Action item: Word for word, copy the lines beginning at the one with "Vintage 1978 Waikiki" and ending at the last line below; pictures stay out.

The input:

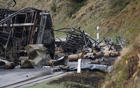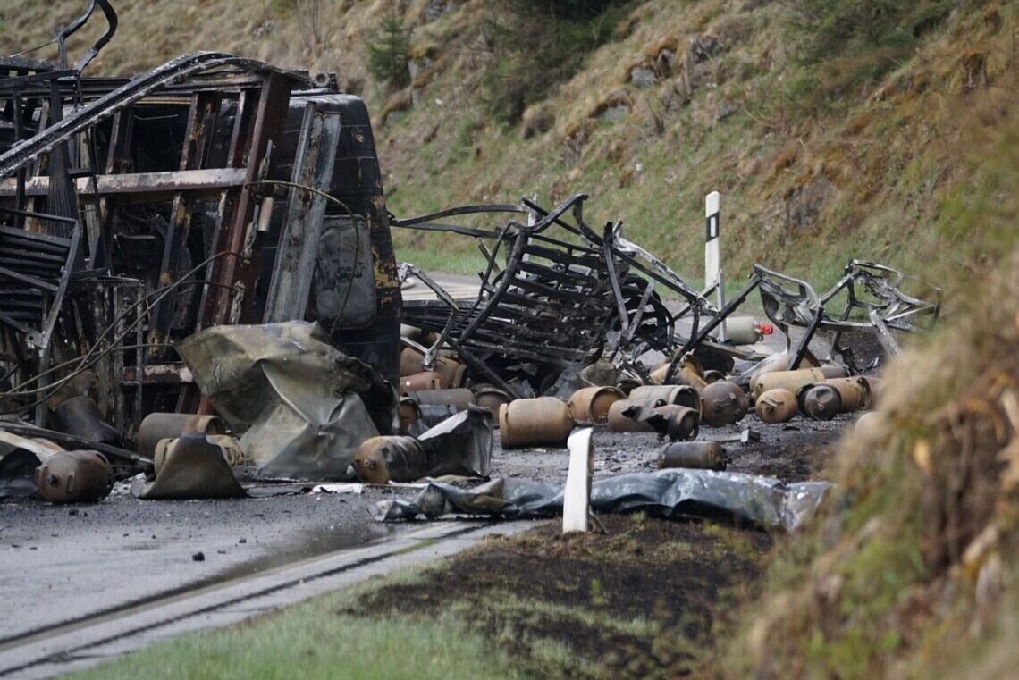 Der Lkw kippte auf die Seite und fing sofort Feuer, worauf nach und nach »mehr als 300 Gasflaschen«, so die Feuerwehr, explodierten. Zuvor hatte sich der 39-jährige Fahrer mit »mittelschweren Verletzungen« in Sicherheit bringen können. Der Lastwagen hatte dem Vernehmen nach 342 große und kleine Gasflaschen geladen. Teile flogen bis zu 250 Meter weit, rund 150 Feuerwehrmänner und -frauen waren im Einsatz. Die Menschen, die rund um Unglückstelle leben, wurden evakuiert. Der Fahrer konnte sich noch verletzt aus seinem Fahrzeug retten. Er wurde in ein Krankenhaus gebracht.
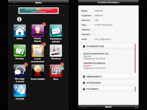LAPP ideale per gli iscritti, il personale ed il management di un moderno centro fitness. Gli iscritti possono verificare il proprio abbonamento, le scadenze, il certificato medico ed i pagamenti, prenotare i corsi ed i servizi, acquistare abbonamenti e prodotti, verificare il piano di allenamento ed interagire con lo staff del centro visualizzando messaggi e comunicazioni riservate inviate dal proprio consulente commerciale ed istruttore. Il personale del centro, può verificare la propria agenda ed inserire appuntamenti, pianificare le attività di CRM e registrare le presenze degli iscritti alle lezioni e servizi erogati. Il Club manager può effettuare verifiche sull’andamento del Club e monitorare il lavoro del personale.
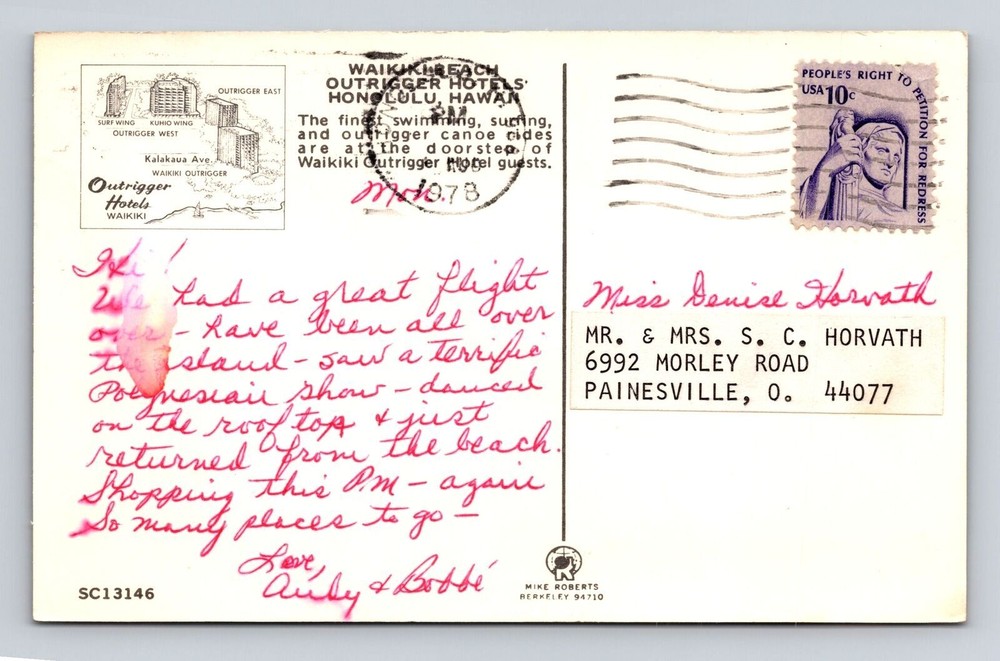 Vintage 1978 Waikiki Beach Outrigger Hotels Honolulu HI Postcard
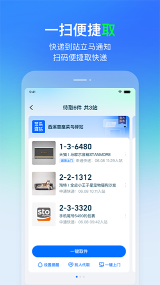 无需取件码,使用菜鸟APP扫一扫即可一键取出自提柜和驿站包裹。
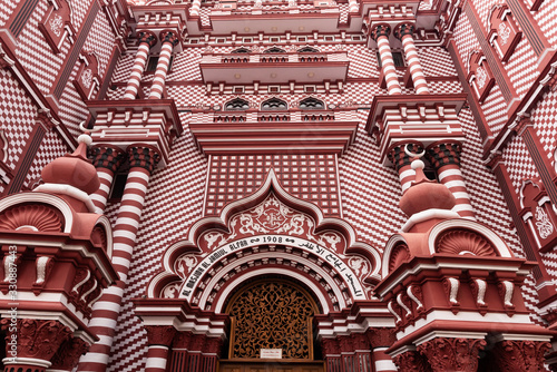Obraz premium Sri Lanka's Red Mosque, or Jami Ul-Alfar Masjid, is one of the architectural wonders of the world. Situated in the bustling Pettah district, one of the oldest parts of the city of Colombo,Sri lanka

Reply:
 Vintage 1978 Waikiki Beach Outrigger Hotels Honolulu HI Postcard
 无需取件码,使用菜鸟APP扫一扫即可一键取出自提柜和驿站包裹。
Obraz premium Sri Lanka's Red Mosque, or Jami Ul-Alfar Masjid, is one of the architectural wonders of the world. Situated in the bustling Pettah district, one of the oldest parts of the city of Colombo,Sri lanka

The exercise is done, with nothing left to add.